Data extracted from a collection
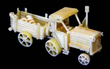 Сергей Пахомов, художник из Пермского региона России, нашел интересное применение макаронным изделиям. Складывая их, он создает миниатюрные модели автомобилей, самолетов, лодок и даже небольших городов.
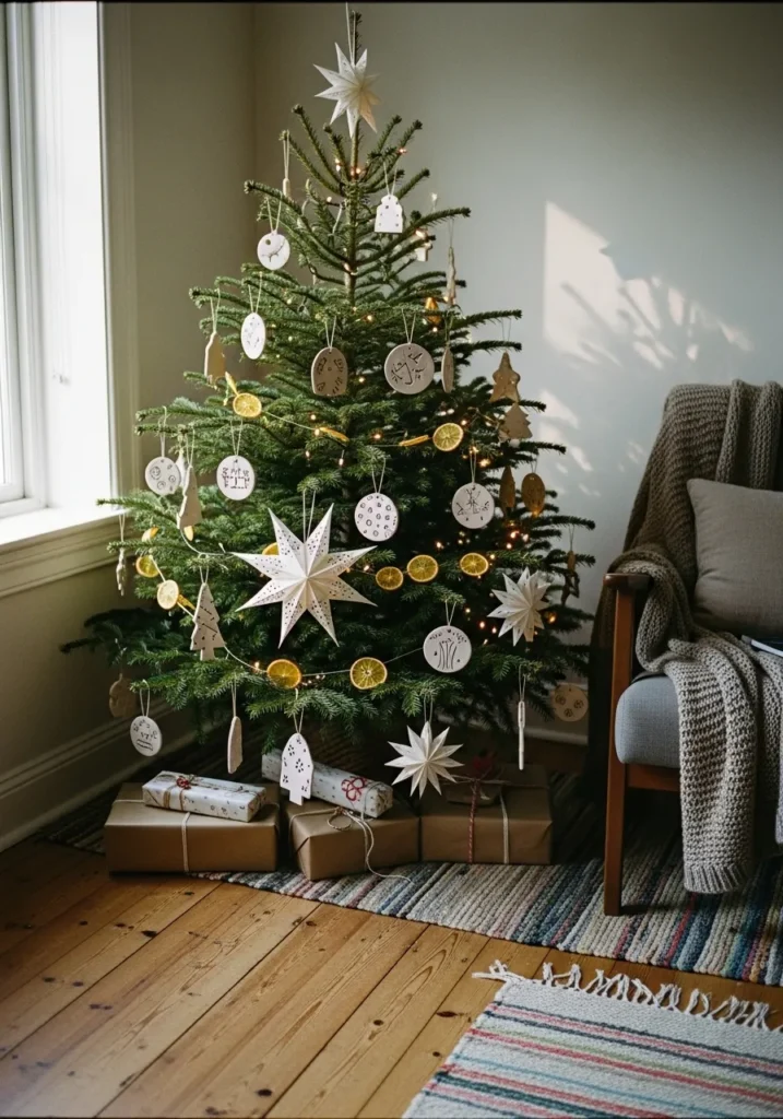 This simple yet heartwarming Christmas setup features a small evergreen tree dressed in handmade ornaments that feel wonderfully personal. The decorations include paper stars, dried orange slices, and clay ornaments hand-etched with charming little designs. Soft string lights weave through the branches, adding a golden glow that bounces off the natural green. Wrapped gifts in kraft paper rest neatly on a striped rug, and a cozy knit throw on the armchair completes the inviting nook by the window.
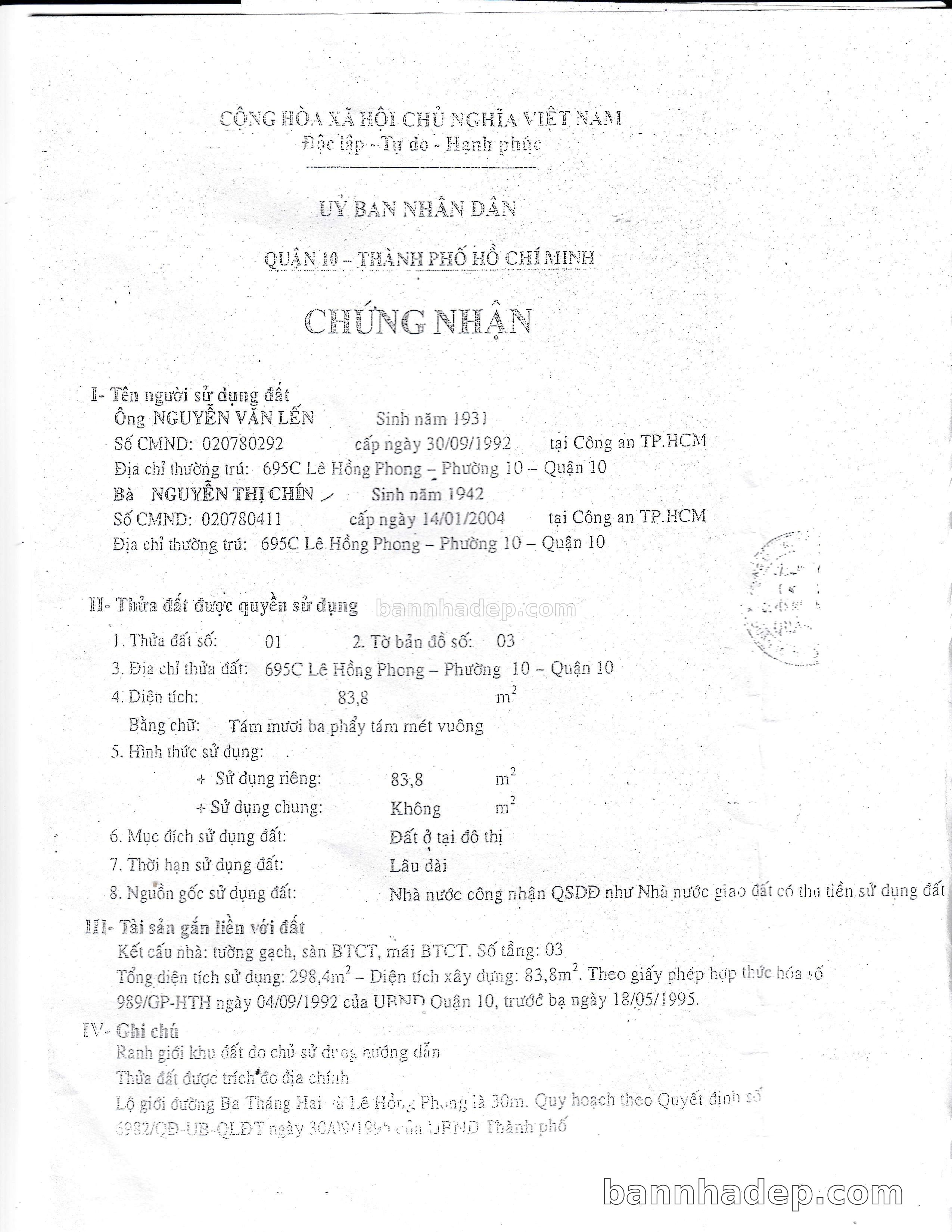 Bán nhà 695C Lê Hồng Phong phường 01 quận 10
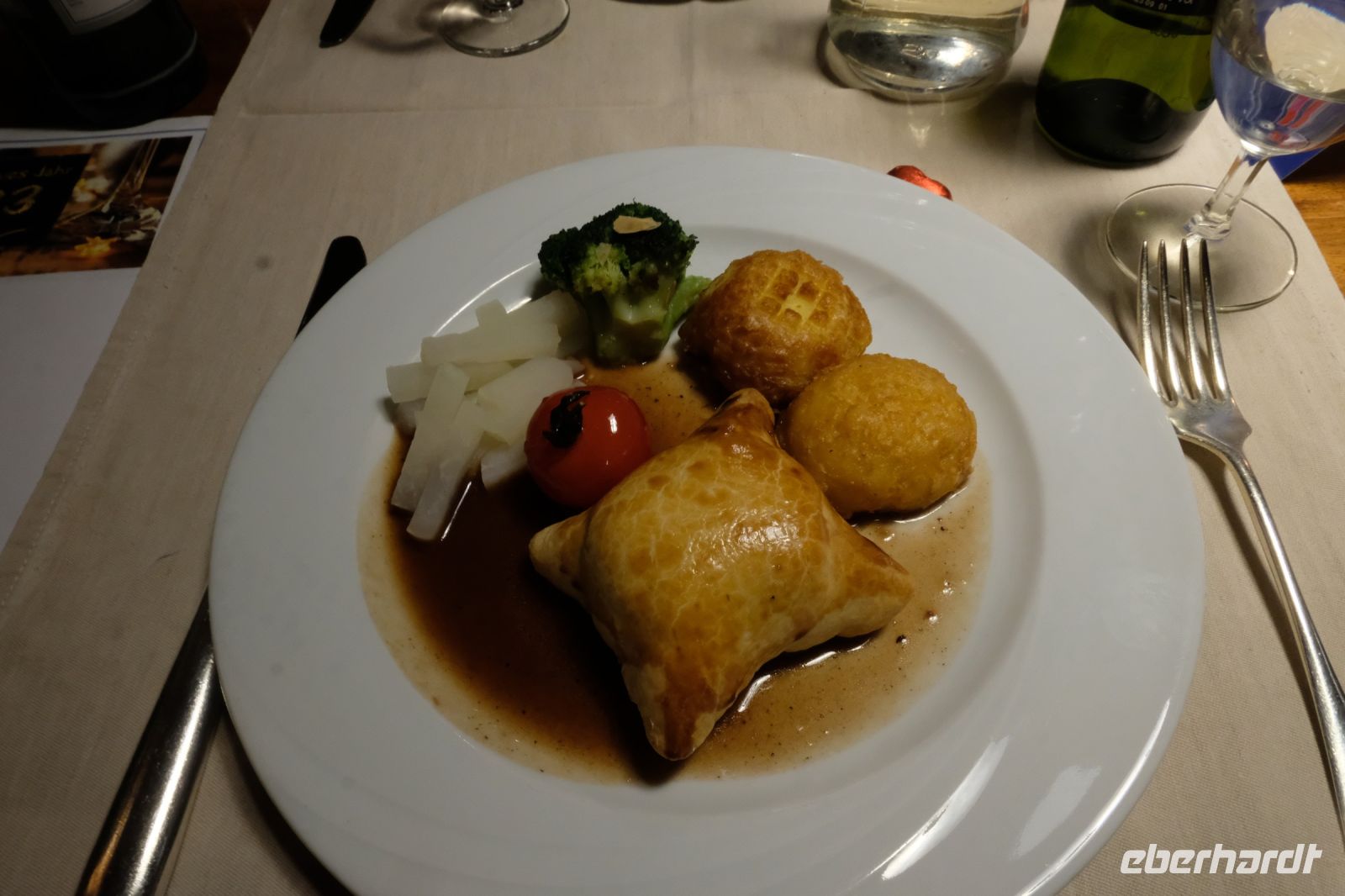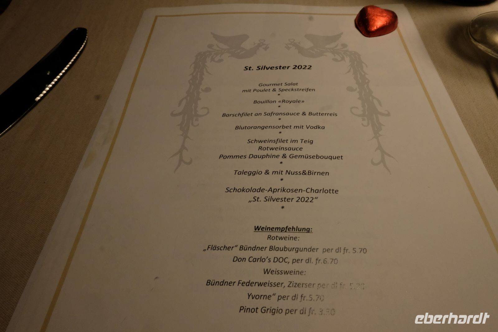 Nach einem ausgiebigen Frühstück fuhren wir nach Chur. 2 Stadtführer erwarteten uns zu einem 90 minütigem Stadtrundgang. Interessantes und Wissenswertes mit einer Brise Humor vermischt, vermittelten sie uns über ihre Stadt. Schließlich ist es die älteste Stadt der Schweiz. Anschließend fuhren wir auf den Spuren des Glacier-Express nach Disentis. Vor allem die Durchfahrt durch die Rheinschlucht war für alle ein wichtiges Fotomotiv. In Disentis angekommen erwartete uns schon unser Bus, und Daniel hatte den Bordservice schon vorbereitet. Einige Gäste besuchten noch das ehrwürdige Kloster. Die Benediktinerabtei wurde um das Jahr 700 gegründet und trägt den Namen des Heiligen Martin und präsentiert sich heute im baulichen Zustand des späten 17. Jahrhunderts. Dank seines Gymnasiums ist das Kloster noch heute eine wichtige Bildungsstätte der Region. Besonders beeindruckt zeigten sich viele Gäste von der Klosterkirche. Anschließend ging die Fahrt mit unserem Bus über Laax und Flims zurück zum Hotel. Vorher machten wir noch einen kurzen Fotostopp am Soliser Viadukt. Bevor die Silvestervorbereitungen begannen war für unsere Gäste noch die Möglichkeit für eine Tasse Kaffee mit selbst zubereitetem Kuchen, es war lecker. 19.15 Uhr begann die Silvesterfeier an festlich eingedeckten Tischen. Wir wurden mit einem 7-Gänge-Menü überrascht. Die Speisenfolge zog sich bis 23.30 Uhr sodass keine lange Weile aufkam. Begleitet wurden wir von einem Alleinunterhalter, der für viel Stimmung sorgte. Pünktlich 24.00 Uhr konnten wir mit einem Glas Sekt auf unsere Gesundheit, Frieden und immer wieder schöne Reisen anstoßen.
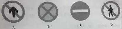 解析:“向上箭头+斜线”表示禁止直行。
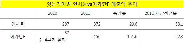 23일 제약업계와 의약품조사기관인 IMS헬스데이터에 따르면 동국제약 인사돌은 작년 한 해 동안 전년대비 29.6% 증가한 372억원을 기록했다. 반면 2010년 6월 8일 리뉴얼된 명인제약 이가탄F는 전년대비 151.6%(2010년 2~4분기 매출 집계) 늘어난 156억원의 매출을 달성했다.

● **What to do**:
Reproduce each record above by retyping it exactly; omit all images.

● **Output for this exercise**:
 Сергей Пахомов, художник из Пермского региона России, нашел интересное применение макаронным изделиям. Складывая их, он создает миниатюрные модели автомобилей, самолетов, лодок и даже небольших городов.
 This simple yet heartwarming Christmas setup features a small evergreen tree dressed in handmade ornaments that feel wonderfully personal. The decorations include paper stars, dried orange slices, and clay ornaments hand-etched with charming little designs. Soft string lights weave through the branches, adding a golden glow that bounces off the natural green. Wrapped gifts in kraft paper rest neatly on a striped rug, and a cozy knit throw on the armchair completes the inviting nook by the window.
 Bán nhà 695C Lê Hồng Phong phường 01 quận 10
 Nach einem ausgiebigen Frühstück fuhren wir nach Chur. 2 Stadtführer erwarteten uns zu einem 90 minütigem Stadtrundgang. Interessantes und Wissenswertes mit einer Brise Humor vermischt, vermittelten sie uns über ihre Stadt. Schließlich ist es die älteste Stadt der Schweiz. Anschließend fuhren wir auf den Spuren des Glacier-Express nach Disentis. Vor allem die Durchfahrt durch die Rheinschlucht war für alle ein wichtiges Fotomotiv. In Disentis angekommen erwartete uns schon unser Bus, und Daniel hatte den Bordservice schon vorbereitet. Einige Gäste besuchten noch das ehrwürdige Kloster. Die Benediktinerabtei wurde um das Jahr 700 gegründet und trägt den Namen des Heiligen Martin und präsentiert sich heute im baulichen Zustand des späten 17. Jahrhunderts. Dank seines Gymnasiums ist das Kloster noch heute eine wichtige Bildungsstätte der Region. Besonders beeindruckt zeigten sich viele Gäste von der Klosterkirche. Anschließend ging die Fahrt mit unserem Bus über Laax und Flims zurück zum Hotel. Vorher machten wir noch einen kurzen Fotostopp am Soliser Viadukt. Bevor die Silvestervorbereitungen begannen war für unsere Gäste noch die Möglichkeit für eine Tasse Kaffee mit selbst zubereitetem Kuchen, es war lecker. 19.15 Uhr begann die Silvesterfeier an festlich eingedeckten Tischen. Wir wurden mit einem 7-Gänge-Menü überrascht. Die Speisenfolge zog sich bis 23.30 Uhr sodass keine lange Weile aufkam. Begleitet wurden wir von einem Alleinunterhalter, der für viel Stimmung sorgte. Pünktlich 24.00 Uhr konnten wir mit einem Glas Sekt auf unsere Gesundheit, Frieden und immer wieder schöne Reisen anstoßen.
 解析:“向上箭头+斜线”表示禁止直行。
 23일 제약업계와 의약품조사기관인 IMS헬스데이터에 따르면 동국제약 인사돌은 작년 한 해 동안 전년대비 29.6% 증가한 372억원을 기록했다. 반면 2010년 6월 8일 리뉴얼된 명인제약 이가탄F는 전년대비 151.6%(2010년 2~4분기 매출 집계) 늘어난 156억원의 매출을 달성했다.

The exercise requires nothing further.